Ao tratar do tema perícia do uso, abuso e dependência de drogas, o expositor ressalta que o conhecimento técnico médico, ao ser levado a leigos, como, por exemplo, juízes ou promotores, deve ser subordinado a regras legais. Ocorre que as leis mudam e o que hoje consideramos crime pode não ter sido definido dessa forma em outros tempos. Sob essa perspectiva, o Dr. Talvane traça uma interessante abordagem sobre a evolução do estatuto jurídico das drogas em nossa legislação, desde o tempo do descobrimento até nossos dias.
Para não estragar a surpresa, comentarei apenas alguns desses pontos. Somos informados que até quando vigia a lei portuguesa no Brasil, não existia a preocupação com a venda ou o uso de drogas, mas apenas com a vida do consumidor, para evitar o seu envenenamento ou intoxicação. Comenta que o consumo de ópio em nosso país até a década de 30 do século passado era um "prazer" desfrutável apenas por pessoas ricas. Fato que inspirou o livro denominado "Vícios sociais elegantes", tendo como co-autor Adauto Botelho. Ou seja, tempos de legalidade das drogas.
Assim, se aprendemos que nem sempre essas substâncias foram criminalizadas, também somos lembrados que tivemos períodos de obscurantismo total, com exageros opostos, como por exemplo, quando a Lei 5.726, de 1971, em pleno regime militar, instituía a categoria "toxicônamo", com determinação de internação compulsória para essas pessoas. Além disso, exigia que os usuários e portadores de substâncias deviam ser denunciados à polícia. Com fina ironia, nosso professor comenta qual foi a reação de psiquiatras e escolas a esse tipo de arbitrariedade.
O Dr. Talvane chega até os dias atuais discorrendo sobre a Lei 11.343, de 2006. Relata as definições que essa lei promove das drogas e quais são as medidas legais previstas em relação aos seus usuários, com informações que podem ser surpreendentes para quem não acompanha esse assunto de perto.

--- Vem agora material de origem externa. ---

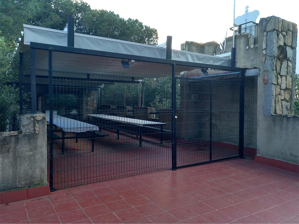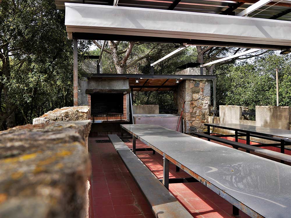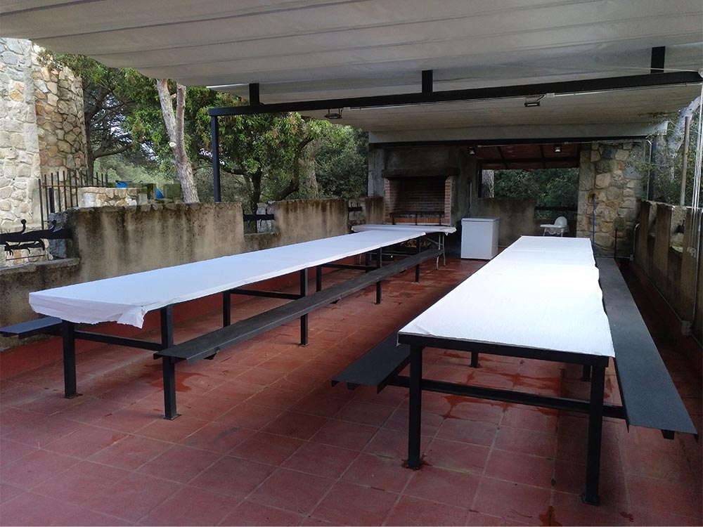 > Consta de 2 taules de ferro de mida 6 m x 1 m i 1 taula d’exterior de mida 180 cm x 70 cm), bancs de ferro, congelador (tipus arcon), barbacoa exterior amb dues graelles de 87 cm x 58 cm, llenya, estovalles de paper blanc, vaixella completa (got, plat, forquilla, ganivet, tovalló de paper blanc), trona per a nens, paperera per a escombraries amb bossa inclosa.

O último bloco da aula analisa os princípios de nossa Constituição e os artigos centrais que devem nortear a perícia psiquiátrica. Por exemplo, o artigo 1º, que se refere à dignidade da pessoa humana, e o artigo 5º, que trata dos direitos e garantias individuais. Prossegue apontando a tendência das doutrinas legais contemporâneas em entenderem que o problema das drogas deve ser contextualizado na área de saúde e que não se deve punir o usuário com restrição de liberdade.
Conclui com a indicação que os melhores instrumentos para enfrentar o grave problema das drogas continuam sendo a educação e prevenção. A aula é muito útil, instrutiva e instigante, mesmo para aqueles psiquiatras que não lidam diretamente com dependentes químicos ou que não atuam como peritos, pois essas substâncias perpassam toda nossa vida social, econômica e política e estão presentes, de modo direto ou indireto, em nosso cotidiano clínico.
Desse modo, somos situados no universo jurídico e nas diversas interpretações que as drogas obtiveram ao longo de nossa história, preparando-nos para uma avaliação bem fundamentada desses doentes, tanto do ponto de vista técnico quanto do ético. Adquirimos conhecimento sólido para uma perícia e para uma entrevista clínica. Com erudição, o Dr. Talvane nos apresenta um tema árido, de uma forma simples e agradável, como se estivesse em uma descontraída conversa com amigos na varanda de sua casa. Habilidade que só os grandes professores possuem.
Por tudo comentado, a meu ver o Dr. Talvane é presença indispensável em futuros e necessários debates sobre a legalização das drogas, tema importante e que tem sido muito discutido por diversos setores da sociedade. Finalizo convidando a todos os associados da ABP a assistirem a essa excelente aula, bem como a participarem do PEC, que é uma maneira confortável e divertida de estudar e de se manter atualizado nos principais assuntos da Psiquiatria.